The difference between on-premises deployment and Cloud
When you want to create a reliable application in the cloud, you need to take a different path than what you would do if it was going to be on the premises of the organization you work for.
When you are coding on the solid grounds of your organization, you build reliability and robustness by using more expensive (higher-end) infrastructure (mostly hardware) to respond to the expected rising demand from your applications. When doing the same in the Cloud, you must design it to provide a certain level of lower capacity to serve the normal demand levels and then be able to “Scale-Out” when demands arise (due to many potential reasons such as users’ preferred time-of-day or day-of-week or seasonal or occasional factors).

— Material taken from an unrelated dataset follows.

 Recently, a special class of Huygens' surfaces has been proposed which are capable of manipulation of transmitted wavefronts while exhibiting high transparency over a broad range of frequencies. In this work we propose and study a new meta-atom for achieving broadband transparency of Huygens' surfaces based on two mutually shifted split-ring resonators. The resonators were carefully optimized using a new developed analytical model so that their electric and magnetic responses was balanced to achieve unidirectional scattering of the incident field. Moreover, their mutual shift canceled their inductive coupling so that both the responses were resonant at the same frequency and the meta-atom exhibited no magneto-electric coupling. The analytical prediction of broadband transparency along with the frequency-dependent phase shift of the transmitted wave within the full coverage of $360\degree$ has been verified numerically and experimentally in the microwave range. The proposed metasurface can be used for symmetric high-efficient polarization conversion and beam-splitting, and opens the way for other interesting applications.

The magic behind the low cost of Cloud environments is cheap hardware (aka “Commodity” hardware), which makes them inexpensive enough to simply join them up when extra capacity is needed and plug them off when demand drops and more importantly being able to toss them into the trash when they fail.
When you have access to such a level of hardware abundance – of course for a fee – you should shift your architecture’s focus from avoiding failures and trying to improve the mean-time between failures, towards designing it for improving the mean-time to restore.

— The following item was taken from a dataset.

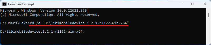 “D:libimobiledevice.1.2.1-r1122-win-x64”并击中进入。

You need to be ready to embrace the failures and orchestrate our resources for the fastest possible recovery from it.
Commodity hardware is one of many reasons why failure is always inevitable, but it also means you can affordably get access to large amounts of it, to the satisfying levels of putting together a fast recovery model and minimizing the impact of the failures.

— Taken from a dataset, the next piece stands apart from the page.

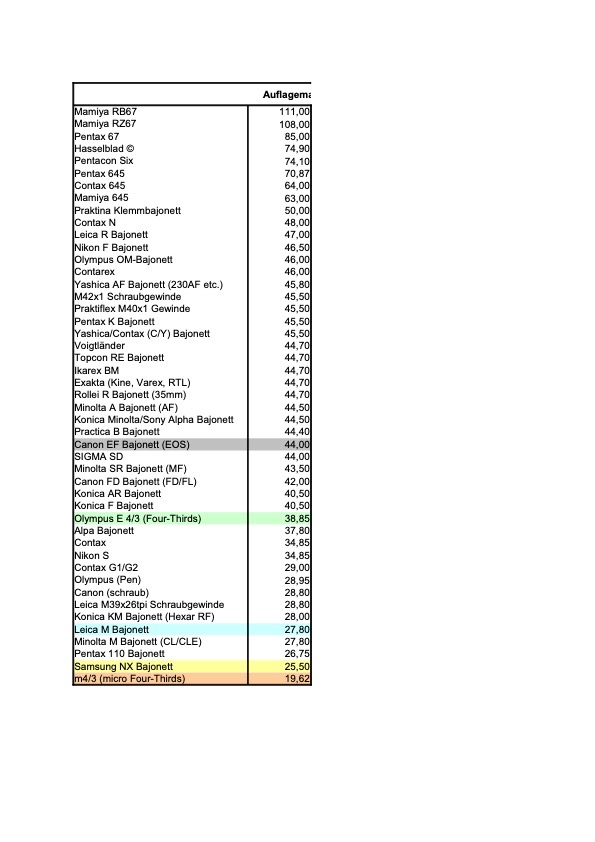 01af Posted December 22, 2022 Share #23 Posted December 22, 2022 Am 18.12.2022 um 12:40 schrieb gauss: Ich meine, die modernste Meßsucherkamera war die Contax G2 ... Die modernste – ja. Aber nicht die beste. Der Zoom-Sucher war mies, die Objektivauswahl klein, der Autofokus lahm und die manuelle Fokussierung praktisch unbrauchbar. . Am 18.12.2022 um 12:40 schrieb gauss: ... bei der Hexar paßte das Auflagemaß nicht ... Keine Sorge. Das paßt schon. . Am 18.12.2022 um 13:02 schrieb UliWer: War das nicht eine Legende, die von Seiten der Leica-Anhänger lanciert wurde? Eine Legende, ja. Aber lanciert wurde sie von Konica selber, weil die das Auflagemaß anders definiert haben (und nur deshalb auf einen anderen Zahlenwert kommen) als Leica. Doch wenn man das Auflagemaß bei Leica M und Konica Hexar RF auf die gleiche Weise mißt, so kommt auch das gleiche Maß heraus. Problematisch könnten allenfalls die bei Konica etwas größeren Toleranzen sein. Irgendwo muß der Preis ja herkommen ... 2 Link to post Share on other sites More sharing options...

Interesting enough, the reasons for (or sources of) failure have a very wide range (from Nature to Humans):
- Natural Disasters: Your data-center can have outages due to natural disasters. It can even get as bad as losing it to floods to wildfires.
- Sabotage or Terrorism: Your data-center can have outages due to intentional acts of someone (or a terrorist attack).
- Failure of Commodity Hardware: For 100s of reasons, such as losing any key components (from a failing cooling fan leading to overheating components, to burning out of CPUs, hard disks, networking equipment …)
- Bad Coding: A Severity 1 error that has managed to make its way to our deployed code in Production, and is now behaving in an unexpected manner that has not proper handling measures in the application and is causing a cascading negative effect throughout the service up to the level of bringing it to a halt.
- Untimely Shutdown of Nodes: The Orchestrator that you are using (i.e. the IaaS or PaaS) decides it is time to reduce the capacity that your application is using (i.e. scale down) and drop the number of instances, only the timing is unfortunate and it happens that the instance is not able to shut down cleanly and ends ups crashing the node and failing the service that was engaged by a customer.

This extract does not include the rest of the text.